# I joined a Rescue Group



## Boobookit (Dec 3, 2005)

Marie, Pacino & Ralphie


----------



## The A Team (Dec 1, 2005)

Wow, Marie, that's wonderful!!!







So, that means I can call you if I find a maltese in our local Ocean county shelter??? I do visit the shelter now and then and I do call rescue groups if I find a little one who needs rescuing.


----------



## casa verde maltese (Apr 7, 2007)

OH, this is a *wonderful* thing to do! Good for you!

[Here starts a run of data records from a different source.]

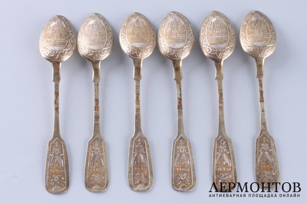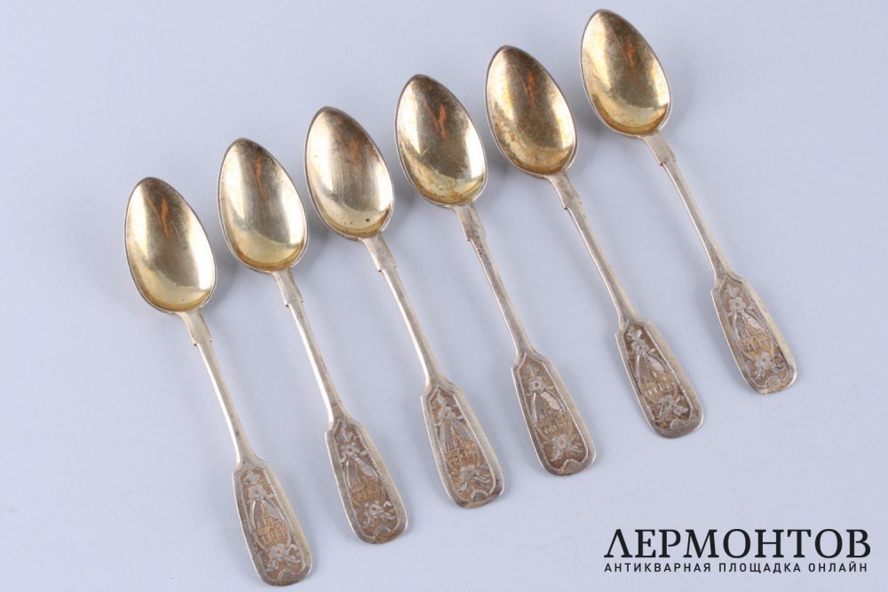 Ложки украшены узором с изображением храмов. Хорошая сохранность.
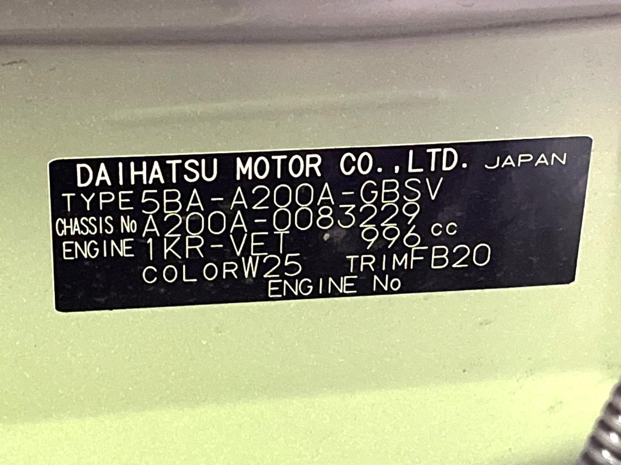 | Chassis No | A200A-0083229 |
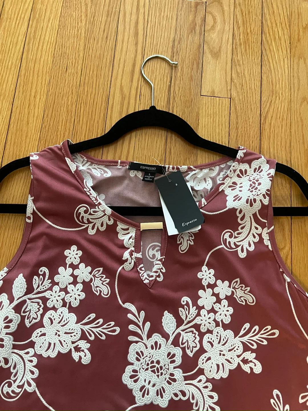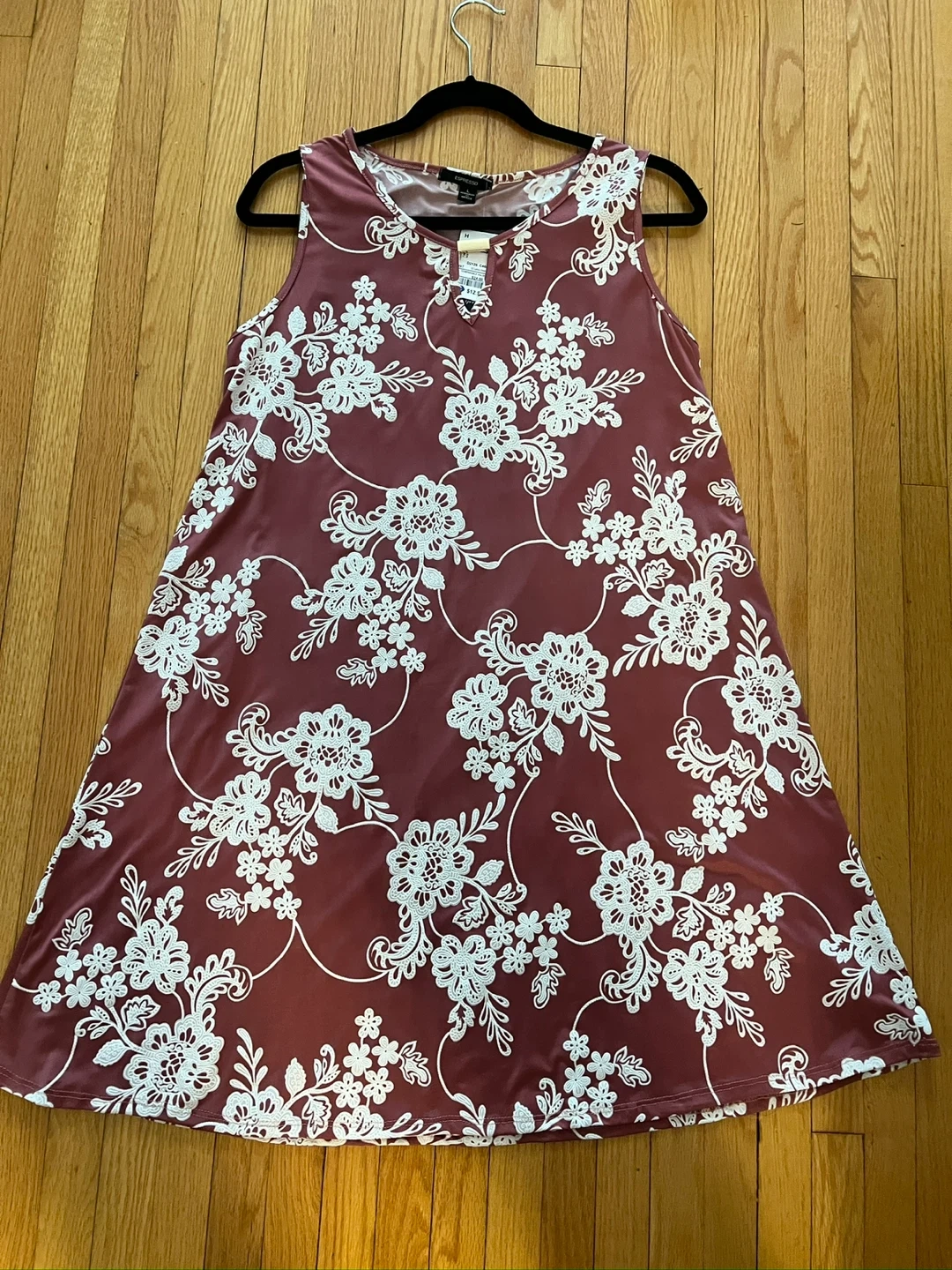 This is a brand new Espresso sleeveless dress with a lovely white floral print on a deep salmon background. It's a size Large and features a keyhole neckline. A great casual option for warmer weather! The dress is very full free-flowing and flattering. Item comes from a pet and smoke free home. Port union/401/Pickering for pick up.
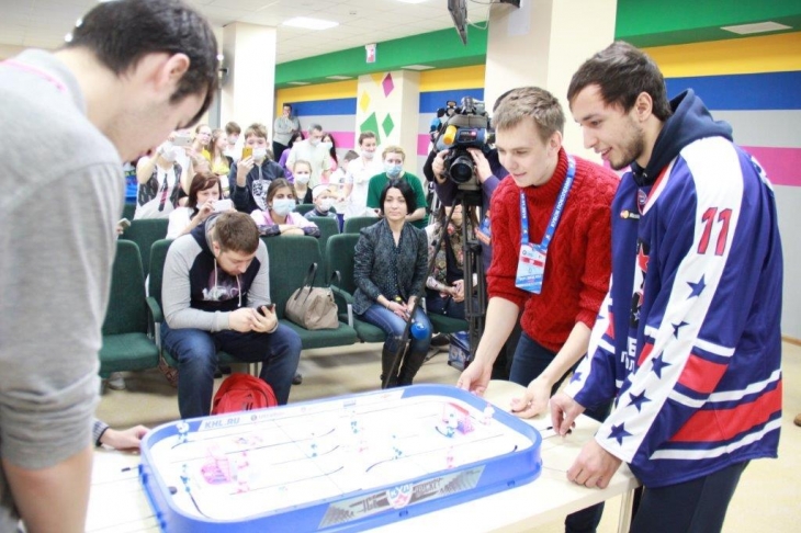 В детскую больницу артисты и спортсмены приехали перед матчем "Кубка Поколения" МХЛ. Среди гостей были актеры Влад Канопка, Иван Дубровский и Александр Соколовский, а также капитаны сборных "Запад" Виктор Кальной и "Восток" Дмитрий Антонов. Гостей сопровождали главный врач КДМЦ Тимур Мубаракшин и начальник управления физической культуры и спорта горисполкома Наталья Безрукова. Делегация посетила зал лечебной физкультуры. Накануне сюда привезли подарки от МХЛ - 7 тренажеров для занятий, предназначенных для самых маленьких пациентов. Дети, проходящие лечение, продемонстрировали возможности оборудования. Затем гостей проводили в конференц-зал, где их уже с нетерпением ждали дети. Они вместе с командой больничных клоунов подготовили вопросы для любимых героев сериала и с любопытством их задавали. Встречу решили разбавить игрой в настольный хоккей, который также подарили детям КДМЦ. Ребятам было предложено сыграть с настоящими звездами МХЛ. Гости щедро раздаривали свои автографы и фотографировались на память, и желали всем скорейшего выздоровления.
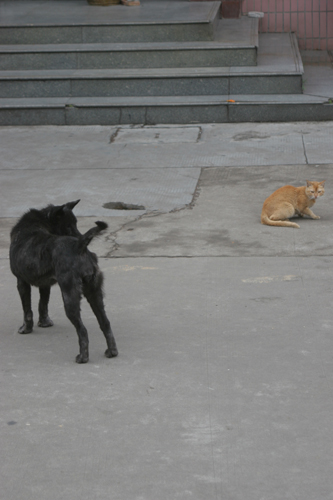 猫靠近着饭堂门口,犬稍微有点远离。猫转,犬也转;犬转,猫也转。不知它们已在这周旋了多久。
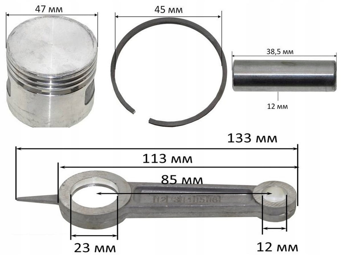 - Średnica palca tłokowego: ok. 12 mm (zewnętrzna), 8 mm (wewnętrzna)
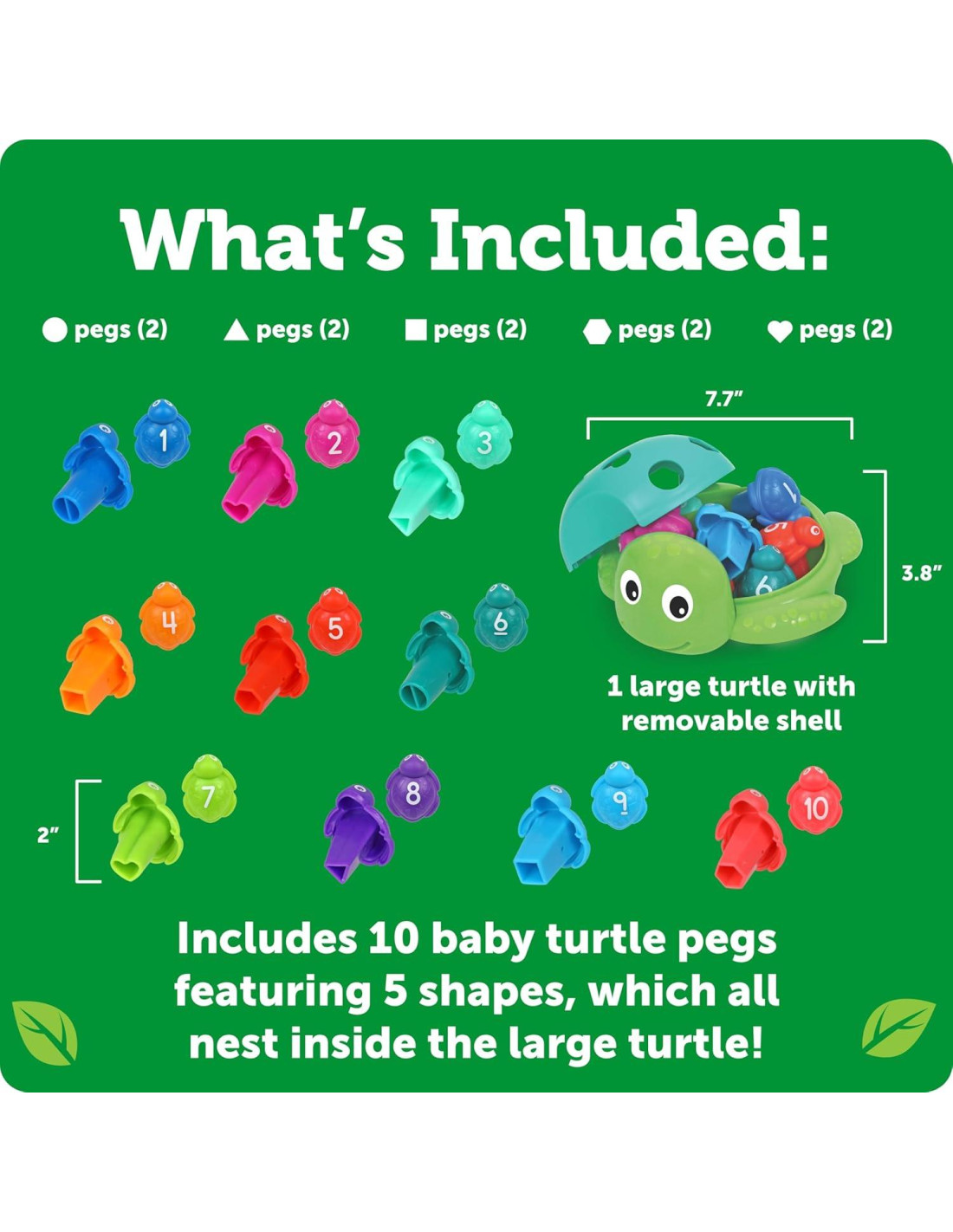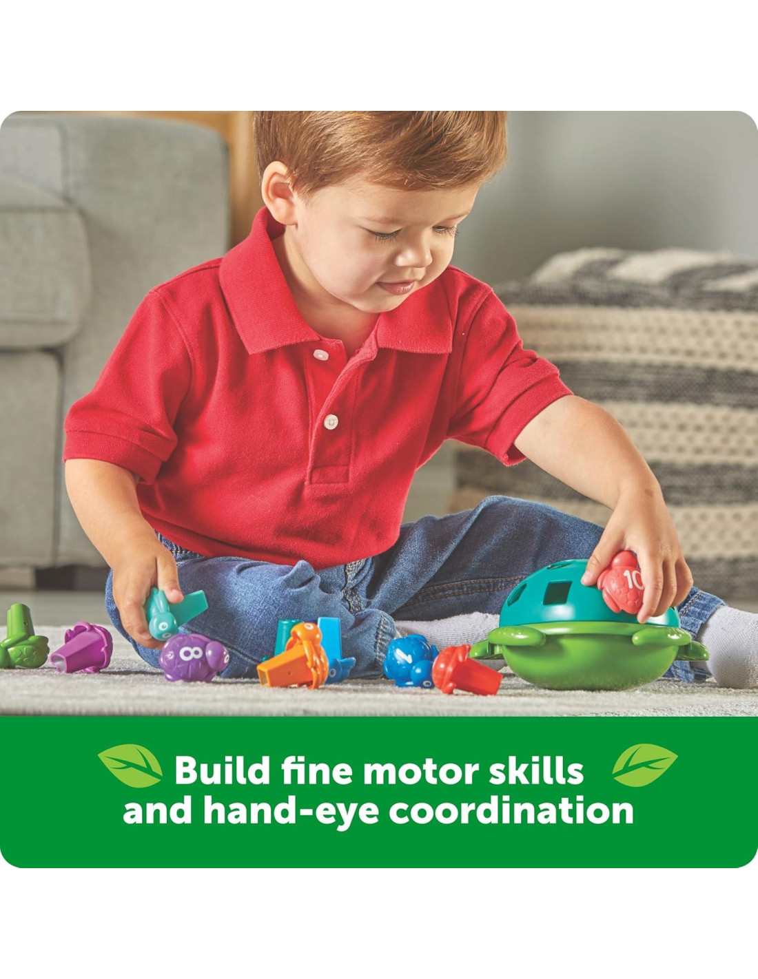 ¿Buscas una manera fácil de ayudar a los niños a aprender habilidades motoras finas? ¡Mira este clasificador de formas marino para niños pequeños! Los niños clasifican cada tortuga marina bebé por forma mientras las colocan en el caparazón de Seymour para que puedan acompañarlo en una aventura de aprendizaje. ¿Qué más pueden aprender los niños de Seymour? Este juguete de preescolar también enseña conteo e identificación de colores, y fortalece las habilidades motoras finas; lo mejor de todo, la guía de actividades ecológica y los componentes de plástico reciclado duradero ayudan a los niños a construir una mejor comprensión del mundo natural. El caparazón de Seymour también funciona como un cajón de almacenamiento todo en uno: ¡todas las tortugas bebés se guardan dentro para mantener nuestras áreas de juego, como nuestros océanos, limpias! Seymour La Tortuga de Formas Contando es una adición fácil a las colecciones de juguetes Montessori y manipulativos para niños. Somos Recursos de Aprendizaje, y aprender es donde jugamos. Ya sea que estemos ayudando a los niños pequeños a aprender sus ABC y 123, enseñando a los niños de jardín de infantes las bases de las habilidades motoras finas y sociales-emocionales, o introduciendo habilidades STEM y de codificación listas para la escuela primaria, nuestros juguetes educativos galardonados ayudan a los niños a descubrir formas divertidas y fáciles de aprender, jugar y crecer. Por eso los padres, maestros y terapeutas ocupacionales confían en nosotros. ¡Mira todos nuestros juguetes más queridos en nuestra tienda de marca! ¿Cuáles son las principales habilidades que los niños pueden aprender con este juguete? Seymour La Tortuga de Formas Contando ayuda a los niños a desarrollar el reconocimiento de formas y habilidades motoras finas. ¿Qué tan grande es este juguete? Montado, Seymour y su tortuga bebé miden 15.88 cm de largo x 15.88 cm de ancho x 10.8 cm de alto. ¿Cuántas piezas se incluyen con este juguete? Este conjunto incluye 12 piezas. ¿De qué está hecho este juguete? Nuestros juguetes están hechos de plástico duradero y fácil de limpiar, diseñado para años de diversión de aprendizaje. Este juguete cumple con las regulaciones de plomo de la EPA. ¿Dónde puedo conseguir una pieza de repuesto? Aunque no podemos tener repuestos para cada componente que viene con nuestros juguetes, haremos nuestro mejor esfuerzo para encontrar la parte o pieza que haga que tu juguete esté completo nuevamente. Simplemente envía una solicitud aquí con una descripción de la pieza, y te haremos saber si y cuándo la encontramos.

& Pat going to shelters - you are *wonderful* as well - I can't go w/out wanting to take everyone home w/me.


----------



## I found nemo (Feb 23, 2006)

YAYAYYAY for you Marie, what a wonderful thing to do!!!


Good Luck,
Andrea


----------



## Bonnie's Mommie (Mar 2, 2006)

Awesome, Marie!! I'm sure this is going to be very rewarding for you.


----------



## Max & Rocky (May 20, 2004)

Yea!!


----------



## Krystal (Feb 3, 2007)

Wow, this is wonderful! Congrats!


----------



## cindy6755 (Mar 20, 2005)

Thank you for helping these babies


----------



## kab (Apr 11, 2005)

We have a volunteer helping us with our rescues by listing them in the New England area. Right now we have a maltese named Simon that my friend is fostering. He is the sweetest guy and knows several tricks.
He can be seen in the ME section of Petfinder under Paws and Claws of New England. It would be so neat if someone from SM would adopt him.


----------



## bbry (Feb 17, 2007)

Thank you for all our malt friends


----------



## TheButtercup (Mar 3, 2005)




----------



## Alvar's Mom (Mar 5, 2007)

That's such a great thing to do!!!


----------



## msmagnolia (Sep 8, 2004)

Bravo Marie!!


----------



## Boobookit (Dec 3, 2005)

> Wow, Marie, that's wonderful!!!
> 
> 
> 
> ...


Sure!! I told them that I can't foster because I would wind up not wanting to give them away....I would be overrun with white furbabies!! But I can do home inspections, phone inspections, paperwork, etc. whatever they need. There are just so many furbabies that need help and placement for their forever homes.

Marie & the Boys


----------